GMI Logo
The stringvalidation test suite is accompanying the publication Roeck et al. 2010. We explicitly state that this database is not intended for any other use than testing the string-based search SAM published in Roeck et al. 2010, especially not for forensic frequency searches.
The stringvalidation test suite is a mirror of the EMPOP database (http://empop.org) as far as the search engine and the layout are concerned. In contrast to the EMPOP database no registration is needed for full access to the database. The stringvalidation database provides a subset of the EMPOP database and contains three populations (Brandstätter et al. 2004, Brandstätter et al. 2007, Zimmermann et al. 2009) that can be freely downloaded in difference-coded format in the download section. These data sets are forensic data that are accompanied by high quality primary sequence data, which permit questionable positions to be checked any time.

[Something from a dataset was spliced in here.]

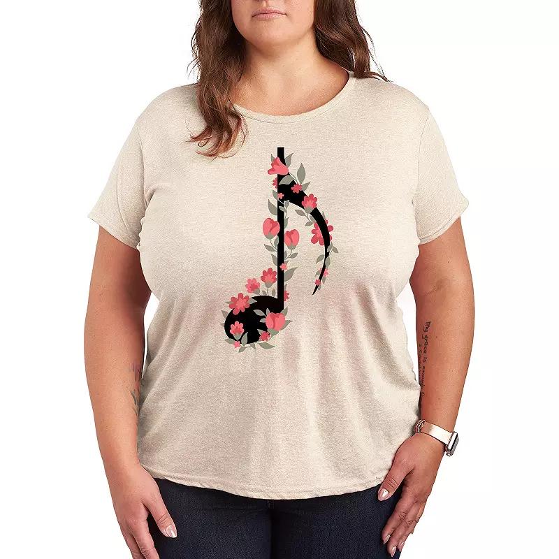 She will love showing off her style with this Plus Floral Music Note Graphic Tee. FEATURES Short sleeves CrewneckFABRIC & CARE Solid Colors: Cotton, Heather Colors: Cotton/Polyester Machine wash Imported Size: 1X. Color: Beig/Khaki. Gender: female. Age Group: adult.

The mtDNA haplotypes are stored in difference-coded format, relative to the revised Cambridge Reference Sequence (rCRS; Andrews et al. 1999) and aligned using the phylogenetic approach described in Bandelt and Parson (2008).
Rules:
(quoting Bandelt and Parson, 2008)
  • (Phylogenetic law) Sequences should be aligned with regard to the current knowledge of the phylogeny. In the case of multiple equally plausible solutions, one should strive for maximum (weighted) parsimony. Variants flanking long C tracts, however, are subject to extra conventions in view of extensive length heteroplasmy.
  • (C tract conventions) The long C tracts of HVS-I and HVS-II should always be scored with 16189C and 310C, respectively, so that phylogenetically subsequent interruptions by novel C to T changes are encoded by the corresponding transition. Length variation of the short A tract preceding 16184 should be notated in terms of transversions.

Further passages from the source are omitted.